# Super Mario 64 Land by Kaze Emanuar has just been released!



## Jayro (Nov 11, 2019)

Video Preview here:





Download the patch *HERE*
Online ROM Patcher *HERE*
(Note: You must supply your own .Z64 ROM)​


----------



## x65943 (Nov 11, 2019)

Wow that is really well done

Definitely looks like it's worth it to give it shot


----------



## Deleted member 397813 (Nov 11, 2019)

Ooooooooooooooooo!!! Seems fun!
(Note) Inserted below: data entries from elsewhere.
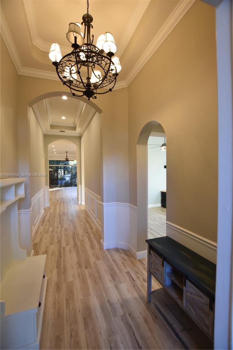 This beautifully updated 3-bedroom home in Tivoli Lakes greets you with a spacious open floor plan, a charming foyer, and lush landscaping surrounding the front, sides, and back. The counter-height, eat-in kitchen includes a built-in desk, while 11-foot ceilings with crown molding run throughout the home, complemented by a stunning tray ceiling in the master bedroom. The kitchen and second bathroom have been stylishly renovated, and the electric fireplace features stonework extending to the ceiling. Fixtures, window treatments, and chandeliers have all been thoughtfully updated. The garage offers an epoxied floor and added stylish cabinets for organized storage. The master bath boasts two fully built-out walk-in closets. Out back, enjoy a screened-in patio surrounded by tropical greenery. Tivoli Lakes is fully fenced with a 24-hour manned security gate and offers amenities including a theater, grand ballroom, fully equipped gym, pickleball and clay tennis courts, billiards and card rooms, a heated pool, jacuzzi, shuffleboard, and more. Conveniently close to beaches, the Turnpike, and I-95. Flooring updated in 2021 along with new baseboards and crown molding. Kitchen full remodel 2023 with Quartzite countertops. Storage in built ins, MB Closets, Office reading nook, garage cabinets and epoxy flooring done in 2021. Custom window treatments and blinds done 2023. Please be sure to click on 360Degree link for a virtual tour of the home online.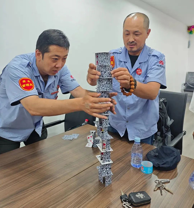 活動伊始,老師將參加活動的19名職工分成了三組,大家在老師的指導(dǎo)下進行了切土豆、馬蓮花開等互動游戲,現(xiàn)場氣氛迅速活躍起來。隨后,通過撲克擺放、卡牌等游戲,讓大家逐漸了解自己和隊友的性格特點、興趣愛好以及潛在的心理需求,為后續(xù)的團隊協(xié)作打下了良好的基礎(chǔ)。
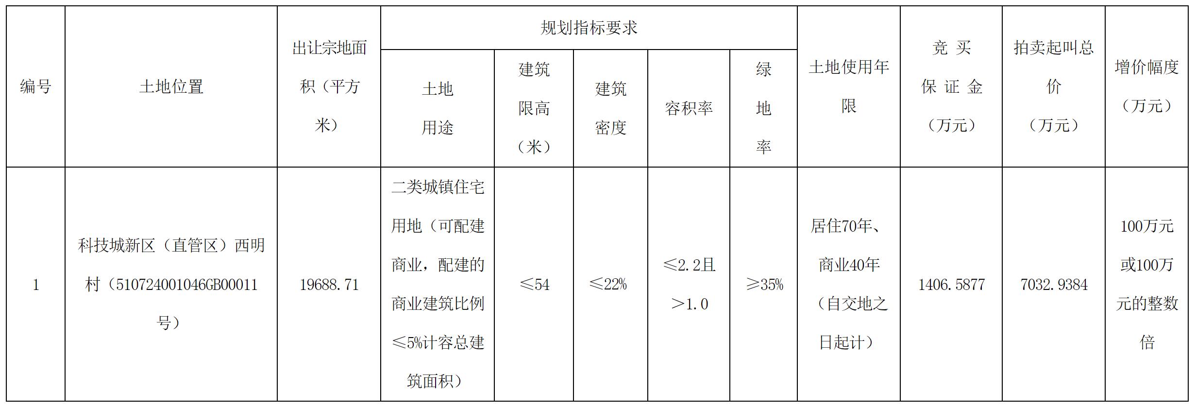 經(jīng)綿陽市人民政府批準,綿陽科技城新區(qū)管理委員會決定以拍賣方式出讓一宗國有建設用地使用權,綿陽市公共資源交易服務中心具體組織實施本次拍賣出讓活動,現(xiàn)將有關事項公告如下: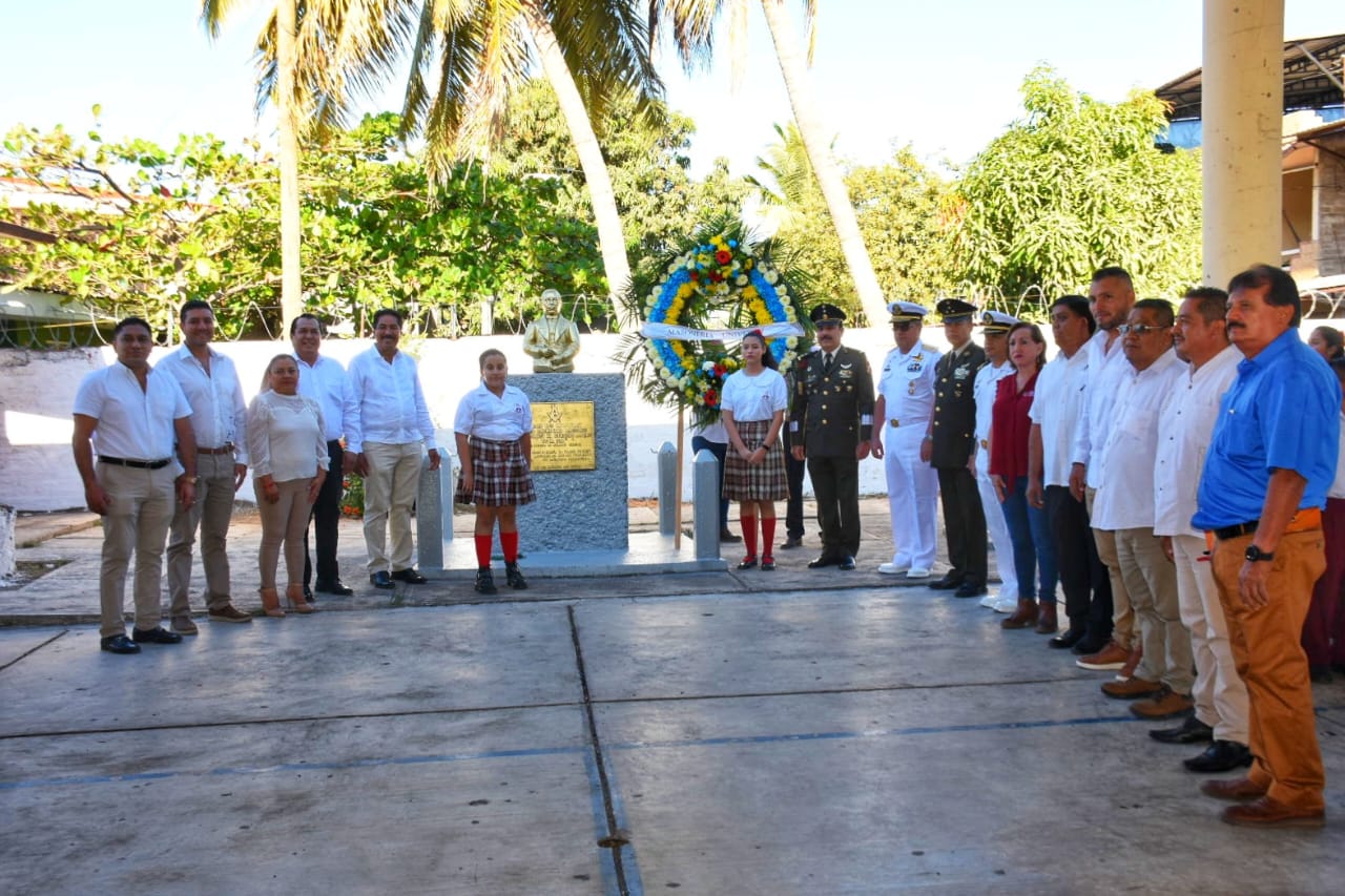 Durante el acto cívico acompañó la escolta y guerra de banda del 82°, Batallón de Infantería; así como el Comandante de guarnición militar de plaza, General Brigadier D.E.M. Ignacio García Brito; el Comandante del 82º batallón de infantería, Coronel de Infantería D.E.M. Carlos Alberto Soto; el Capitán de puerto regional de Lázaro Cárdenas, Contralmirante C.G. D.E.M. Julio Arturo Gorbea Barcelata, en representación de la XIV Zona Naval Militar, Vicealmirante C.G.D.E.M. Sergio Flavio Zepeda Aguirre y el capitán de Corbeta de Cuerpo de Infantería de Marina, Rodolfo Herrera Isidoro.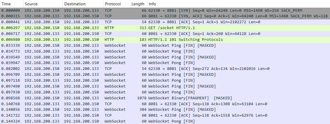If data encryption is applied, the network traffic for agent communication appears as shown in the screenshot below.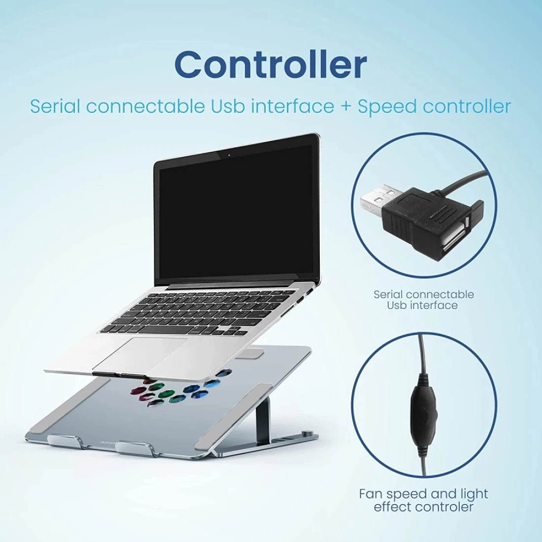 Remson Adjustable Cooling Laptop Stand with RGB Fan, Aluminum Alloy Laptop Holder Compatible for MacBook 12/13, MacBook Pro 13/15, MacBook Air 13, Lenovo, HP, Dell, Samsung and Laptops from 13" - 17"…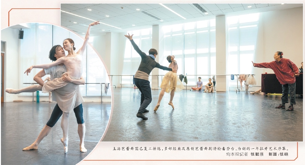 上海芭蕾舞團已復工排練,多部經典及原創芭蕾舞劇將輪番登臺,為新的一年拉開藝術序幕。本報記者 張挺 攝 制圖:張繼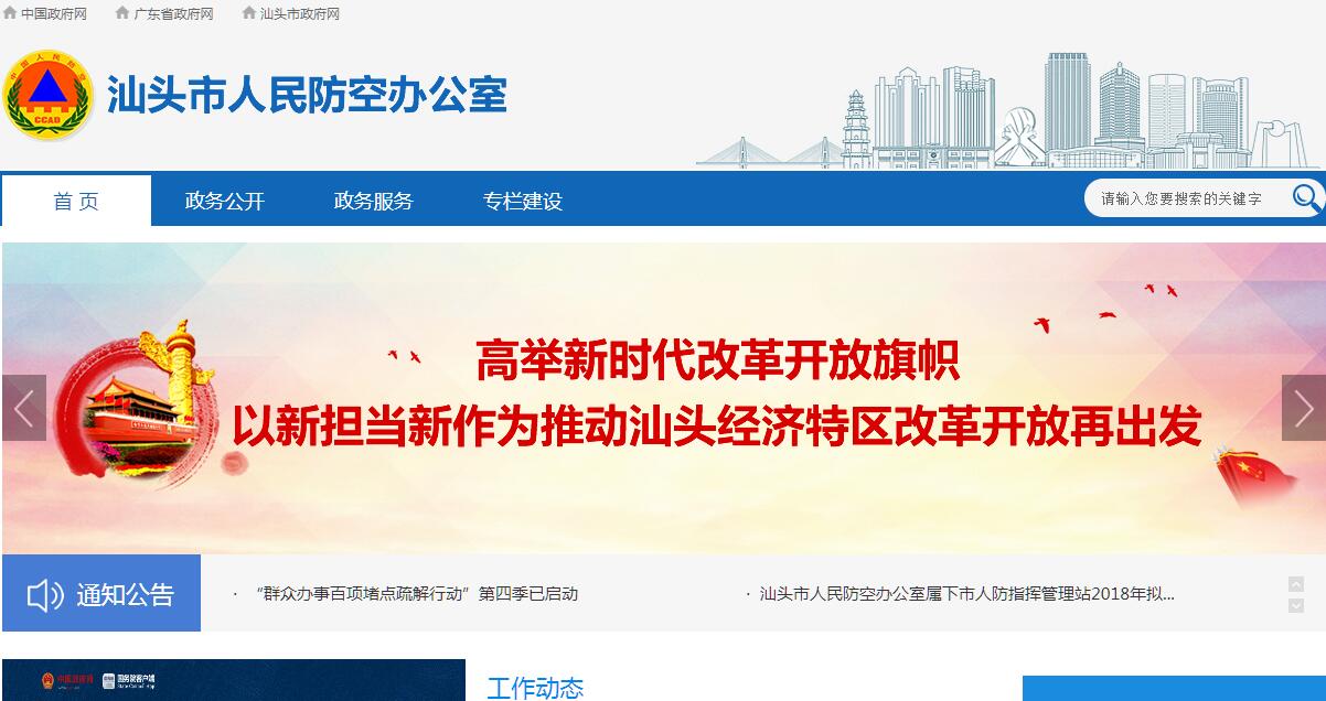 根据汕头市人民政府《印发汕头市人民防空办公室主要职责、内设机构和人员编制规定的通知》(汕府办〔2010〕39号)规定,汕头市人民防空办公室,正处级,为市政府人民防空工作的主管部门。其主要职责:(一)贯彻执行国家、省、市人民防空工作的有关法律、法规和方针、政策;起草有关地方性法规、规章草案、拟订人民防空发展规划和工作计划并组织实施。(二)会同有关部门拟订人民防空建设规划;拟订人民防空工程规划;审核指导城市总体规划和重要经济目标中人民防空要求的落实情况;检查监督城市人民防空建设。(三)组织管理人民防空工程建设;实施人防工程防护标准和质量标准;对结合民用建筑修建防空地下室实施计划、技术质量管理和监督检查;有计划地运用易地建设费建筑人防窗口、骨干工程;组织实施人防工程的维护管理和平时开发利用;对人民防空工程实施监督、检查和行政执法。(四)拟订城市防空袭方案;组织建设和管理人民防空指挥工程;拟订战时人口疏散计划并协调与疏散区域的关系;会同有关部门拟订重要经济目标防护方案,检查、督促重要经济目标单位落实防护措施;战时组织城市人民开展防空袭斗争。(五)制订人民防空通信警报建设规划并组织实施;制定防空警报试鸣制度并定期组织试鸣;实施人民防空通信网络的建设和管理。(六)负责人民防空的宣传教育工作,会同有关部门普及人民防空知识和技能;组织人民防空科学技术研究,监督管理和实施人民防空技术标准;组建人民防空专业队伍,组织专业训练。(七)管理人防经费和资产,监督检查其使用情况。(八)承办市委、市政府、市国防动员委员会以及上级军事和主管部门交办的其他事项。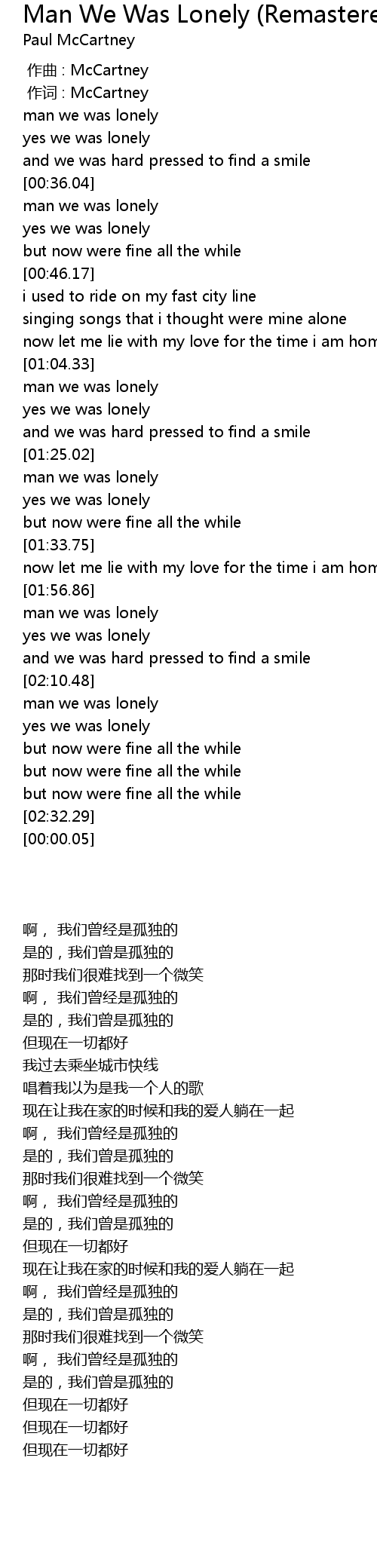 | Song | Man We Was Lonely (Remastered 2011) - 2011 Remaster |

Can't wait to try out!


----------



## bluedart (Nov 11, 2019)

Looks cool.  Just a heads up, that mega link asks for a "decryption key" for some reason.  I've never seen that before.  Weird.  Anyway, the link is unusable.


----------



## yuyuyup (Nov 11, 2019)

bluedart said:


> Looks cool.  Just a heads up, that mega link asks for a "decryption key" for some reason.  I've never seen that before.  Weird.  Anyway, the link is unusable.


take off part of the url here it is https://mega.nz/#!COhz2QCI!IjPQaM1LLtSR1fDPrtQeY4hyP9U4_r1pgz2w6ajx9LUw0W6AYew


----------



## Smoker1 (Nov 11, 2019)

bluedart said:


> Looks cool.  Just a heads up, that mega link asks for a "decryption key" for some reason.  I've never seen that before.  Weird.  Anyway, the link is unusable.


Go to the YouTube Video Page and click on that Mega Link.


----------



## James_ (Nov 11, 2019)

I can finally turn Mario into a furry in Mario 64


----------



## Jayro (Nov 11, 2019)

bluedart said:


> Looks cool.  Just a heads up, that mega link asks for a "decryption key" for some reason.  I've never seen that before.  Weird.  Anyway, the link is unusable.


Thanks, it should be fixed now.


----------



## IncredulousP (Nov 11, 2019)

Where the hell does this talented guy find the time and motivation to make such incredible stuff? A genius of our generation.


----------



## Issac (Nov 11, 2019)

Of course, there are already achievements for us hunters too  hoooray!
https://retroachievements.org/game/14658


----------



## MajinCubyan (Nov 11, 2019)

What great news to wake up to.


----------



## nitrostemp (Nov 11, 2019)

kinda sad it doesnt run on everdrive


----------



## Deleted User (Nov 12, 2019)

This looks great! Amazing how much effort has been put into this project!


----------



## Jayro (Nov 12, 2019)

nitrostemp said:


> kinda sad it doesnt run on everdrive


Doesn't run on my NES Classic either, and I've tried 4 different cores.


----------



## Deleted User (Nov 12, 2019)

I got it working on the latest Wii64 release. The game slows down in larger areas. 
I have been using a Wii, it should run faster on a Wiiu with overclock enabled!


----------



## B.B.Link (Nov 13, 2019)

nitrostemp said:


> kinda sad it doesnt run on everdrive



Do any Mario 64 hacks run on a Everdrive? Is there a list?


----------



## nitrostemp (Nov 13, 2019)

B.B.Link said:


> Do any Mario 64 hacks run on a Everdrive? Is there a list?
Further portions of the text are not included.